**WHAT THE TASK ASKS**
The expected answer is a verbatim transcription of the lines below, beginning with the first and ending with the line that holds "活动现场洋溢着温馨的氛围,阳", without pictures.
_ _ _
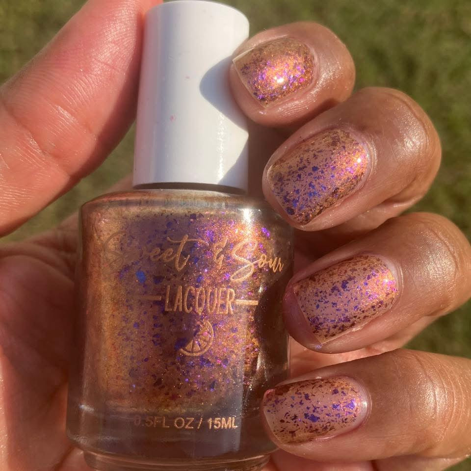 DISCLAIMER: DUE TO VARIATIONS OF SCREEN RESOLUTIONS INCLUDING, BUT NOT LIMITED TO: COLORS AND BRIGHTNESS ON COMPUTERS AND MOBILE DEVICES, THE ACTUAL COLOR OF THE POLISH MAY BE SLIGHTLY DIFFERENT THAN WHAT YOU SEE. SWEET & SOUR LACQUER POLISHES ARE CREATED IN SMALL BATCHES. EACH INDIVIDUAL BATCH MAY VARY SLIGHTLY.
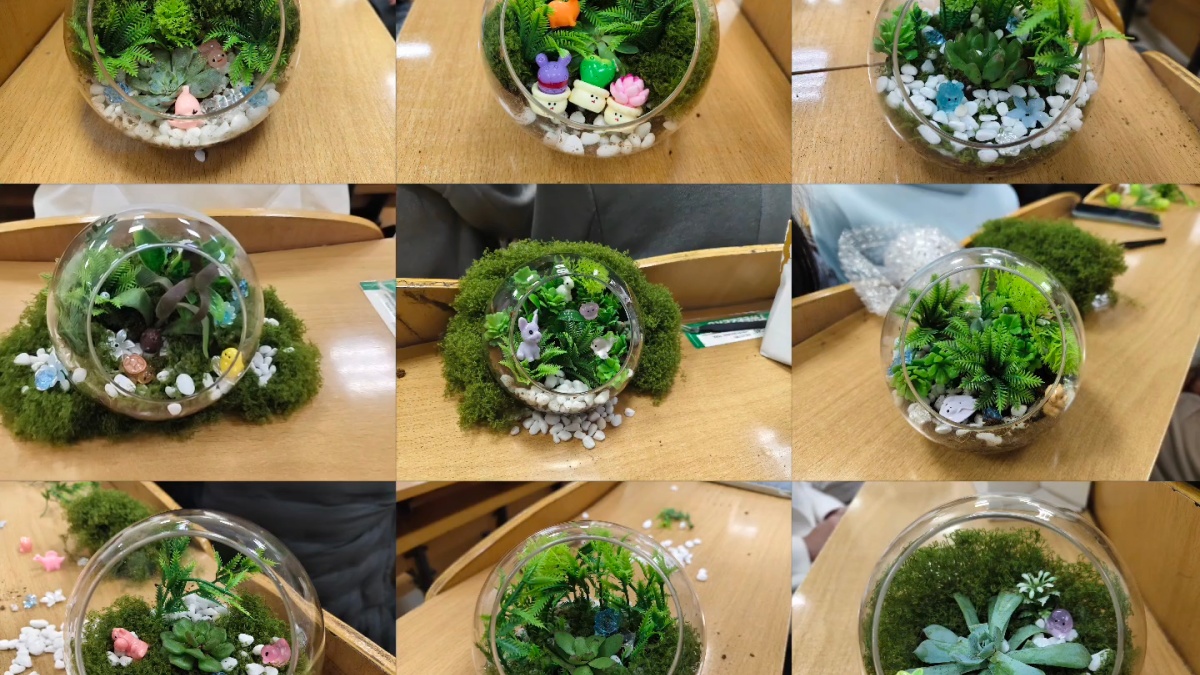 活动现场洋溢着温馨的氛围,阳光透过窗户的缝隙轻柔地洒落在桌案上。玻璃容器、苔藓、多肉植株、装饰摆件等材料整齐陈列,静静等候着创意的唤醒。随着主持人介绍活动规则与创作思路,参与者们眼中瞬间点亮期待的光芒——这不仅仅是一次简单的手工制作,更是一次将大自然的美好封存于容器之中的奇妙创作之旅。在这场旅途中,每个人都将化身为艺术家,用心灵和双手去感知、去塑造那份独特的自然韵味。桌案上散发的泥土气息和绿植的清新味道,仿佛让人提前领略到作品完成后那份充满生机与和谐的美妙场景。
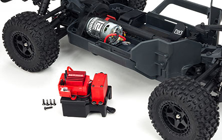A two-piece molding screwed to the truck's chassis serves as its electronics module, containing a waterproof radio box, servo mount, and ESC tray. The radio receiver mounts inside the radio box for protection from dirt and moisture. The ultra-compact ESC is screwed to the top of the module, allowing quick access to the on/off switch, while the servo mounts to the side. All three components can be removed together, quickly and easily.
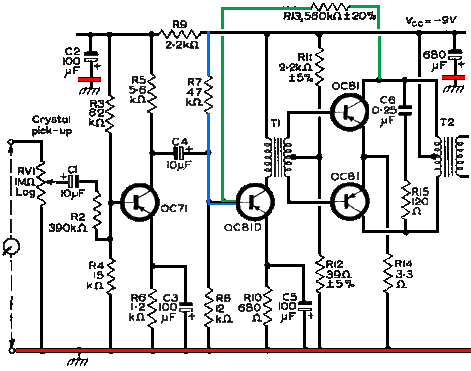 De stuurtrap geeft een vervorming van het signaal en is ook gevoelig voor de rimpel op de wisselspanning. De tegenkoppeling werkt op de twee laatste trappen, daar waar de vervorming het meest aanwezig is. De tegenkoppeling is de groene lijn, de voorwaartse regeling de blauwe lijn. De rimpel wordt via deze weerstand naar de basis van de transistor gestuurd. Deze transistor die asymmetrisch werkt is het meest gevoelig voor een rimpel op de voedingsspanning. De transistor is een OC81D (die geen verbeterde versie is van de OC81: 150mW dissipatie, 16V voedingsspanning, 10mA en 20× stroomversterking).
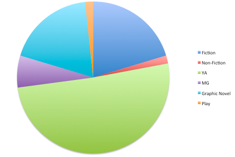 All said, my adult reading was very light this year. Whoops? I wondered what my ratio was, so I’ve decided to make a pie chart for my 2013 reads. Observe!
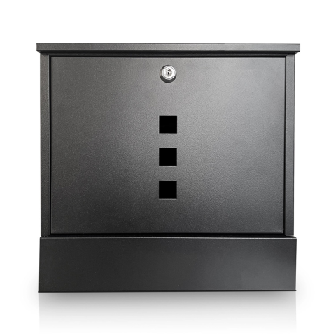 Kültéri postaláda, az alaptest matt fekete színű. Újságtartóval és felső bedobóval. A/4-es küldeményekhez méretezve.
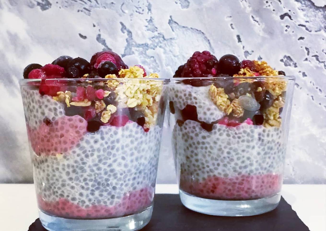 Hey hey! Oh les jolies verrines 🤩 Pudding de chia, fruits rouges et granola maison ! (il faut bien perdre les calories du tiramisu 😉)
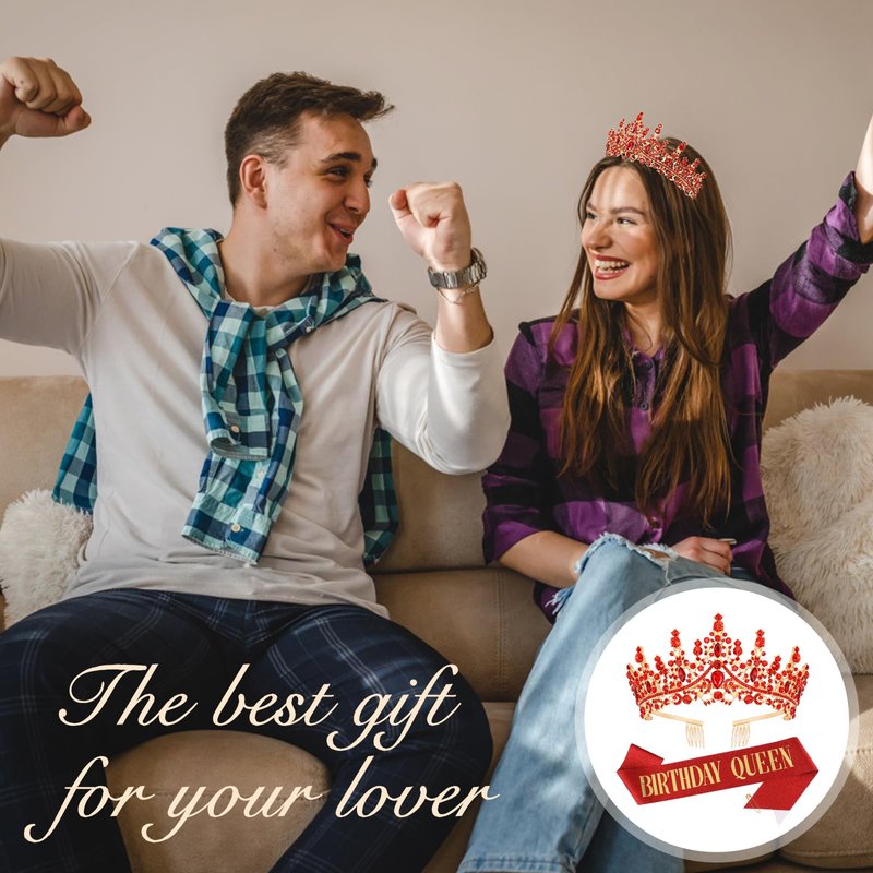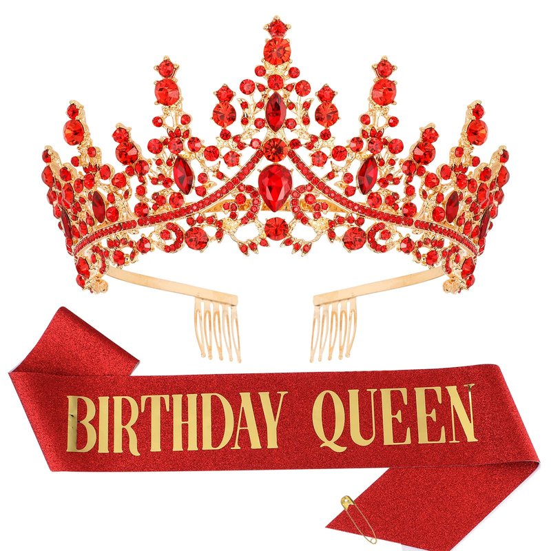 Tihebax Birthday Queen Sash & Rhinestone Tiara Red Gold Crown Birthday Sash and Tiara for Women Girls Princess Tiara Crown Birthday Accessories Glitter Birthday Sash Birthday Party Favors
_ _ _
**WRITTEN ANSWER**
 DISCLAIMER: DUE TO VARIATIONS OF SCREEN RESOLUTIONS INCLUDING, BUT NOT LIMITED TO: COLORS AND BRIGHTNESS ON COMPUTERS AND MOBILE DEVICES, THE ACTUAL COLOR OF THE POLISH MAY BE SLIGHTLY DIFFERENT THAN WHAT YOU SEE. SWEET & SOUR LACQUER POLISHES ARE CREATED IN SMALL BATCHES. EACH INDIVIDUAL BATCH MAY VARY SLIGHTLY.
 活动现场洋溢着温馨的氛围,阳光透过窗户的缝隙轻柔地洒落在桌案上。玻璃容器、苔藓、多肉植株、装饰摆件等材料整齐陈列,静静等候着创意的唤醒。随着主持人介绍活动规则与创作思路,参与者们眼中瞬间点亮期待的光芒——这不仅仅是一次简单的手工制作,更是一次将大自然的美好封存于容器之中的奇妙创作之旅。在这场旅途中,每个人都将化身为艺术家,用心灵和双手去感知、去塑造那份独特的自然韵味。桌案上散发的泥土气息和绿植的清新味道,仿佛让人提前领略到作品完成后那份充满生机与和谐的美妙场景。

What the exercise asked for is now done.